Combien d’œuvres remarquables ont été accomplies par l’Église, au nom du Royaume, afin de le rendre visible! Quelque chose de grand a été achevé chaque fois que l’Église, s’oubliant elle-même, a agi au nom du Royaume, a prié pour son avènement, témoigné de sa proximité, cherché sa justice. On ne peut pas ignorer le fait que des oiseaux sont venus se poser sur les branches de cet arbre, qui a poussé à partir d’un minuscule, infiniment petit grain de sénevé… Des païens en ont profité, des nations ont été mises à son bénéfice, des barbares ont été civilisés, des ignorants instruits, des tribus et des langues en ont été affectées… À une période de l’histoire où les hordes barbares envahissaient l’Occident, le levain de l’Évangile les transforma. Ce fut aussi sous l’influence chrétienne que les jeux inhumains des arènes faisant le loisir et le plaisir des Romains furent bannis; oui, c’est cette influence qui, tel un grain minuscule, porta des fruits permettant l’humanisation de la société romaine.

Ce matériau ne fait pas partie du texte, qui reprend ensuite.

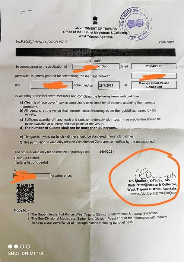 "As per Hindu religious timings, the auspicious time for marriage (logno) was 11.30 pm. Which we already mentioned in our documents submitted at DM office with the wedding card attached (pic 1). As a result of which Dr. Shailesh kr. Yadav ji, IAS, granted us permission to conduct the ceremony (pic 2)", the brother writes.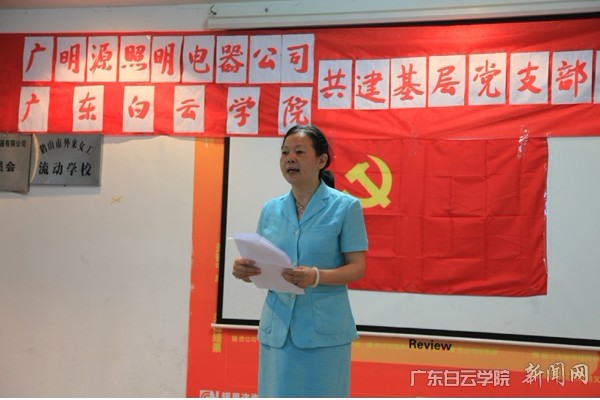 除了此次与广明源照明电器有限公司共建基层党组织外,学校还将与另外四家公司(广东怡创科技股份有限公司、奥迪通用照明(广州)有限公司、来此购集团、广州市福临门金银制品有限公司)相继举行共建基层党组织挂牌仪式。广东白云学院“两新组织“共建党支部的工作,为推动民办高校和民营企业基层党组织交流、合作与共同发展,开创新时期“两新组织”党建工作的新局面,探索出了一条党建工作与“两新组织”共赢发展的新路子,在全省共建基层党组织活动中起到了很好的示范作用。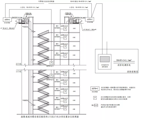 2)樓梯間在約1/4和3/4高度處各設置一臺余壓探測器;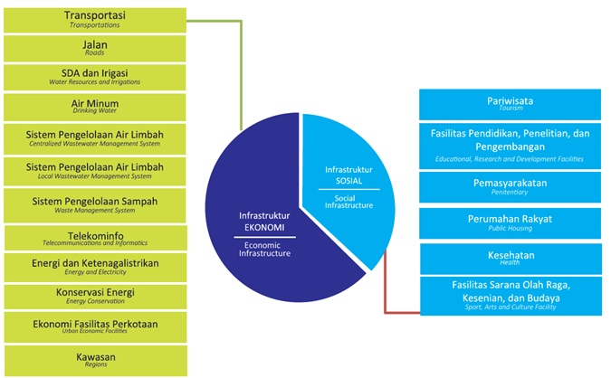 Terdapat pembagian sektor infrastruktur yang menjadi lingkup KPBU:

Plus près de nous, lorsque d’innombrables personnes, notamment des femmes et des enfants, mouraient faute de soins médicaux ou victimes de superstitions démoniaques, ce fut encore le bon grain semé qui porta des fruits palpables. L’Évangile les arracha aux ténèbres pour les amener à l’admirable lumière du Fils. Une civilisation pénétrée par la foi chrétienne et biblique a été le résultat de cette pâte levée et de ce grain semé. Une civilisation que l’on cherche actuellement à détruire de la façon la plus sauvage.

Faudrait-il pour autant craindre l’avenir? Je ne le pense pas. Il me semble qu’à l’heure actuelle nous nous trouvons devant de nouveaux commencements, mais que la force cachée du Royaume reste toujours aussi active et dynamique. Il se pourrait, effectivement, que nous soyons ramenés vers de faibles débuts, afin de pouvoir ressaisir à nouveau le secret, le mystère et la puissance du Royaume dont parle Jésus. Ainsi, l’avenir chrétien n’est pas sombre, loin de là, pas en tout cas pour celui qui médite la parabole du Christ. Il y puisera une nouvelle vision de la réalité cachée, apparemment petite, infime, mais prometteuse d’une merveilleuse et abondante moisson.

Au moment où des courants tumultueux nous agitent, que de fausses spiritualités submergent notre sol et enténèbrent les esprits, que des idéologies anti-chrétiennes, voire misanthropes, sont en vogue, rappelons-nous que la puissance du Royaume n’est pas épuisée. Comme à ses débuts, l’Évangile caché et apparemment insignifiant continuera quand même à troubler la société. Il attend sans doute à manifester sa force dans la faiblesse, à déployer sa sagesse dans la folie, à faire éclater sa lumière derrière les ténèbres opaques… Chaque opposition actuelle devrait nous apparaître comme le signe que le grain enfoui dans la terre est en train de germer, et le levain caché en train de faire lever la pâte.

Actuellement encore, comme le fut saint Paul en son temps, nous serons considérés comme ceux qui troublent les villes et bouleversent le monde…

Rappelons-nous que le Nouveau Testament, livre du Royaume par excellence, est aussi le livre de l’espérance; il ne se termine pas par le récit du Vendredi saint, la passion de Jésus-Christ, sa mort et sa descente aux enfers, mais par le livre de l’Apocalypse, qui en grec veut dire révélation; révélation du règne éternel du Christ, qui renverse le courant de l’histoire au moment le plus critique, voire désespéré.

Ne sous-estimons donc pas la force de l’Évangile; il est la puissance de Dieu pour le salut de quiconque croit. Il renouvellera toutes choses. Restons vigilants, pleins d’espérance, remplis de joie; confessons notre foi comme les premiers chrétiens : Le Royaume est à notre Dieu et à son Christ. La victoire qui vainc le monde c’est notre foi en lui.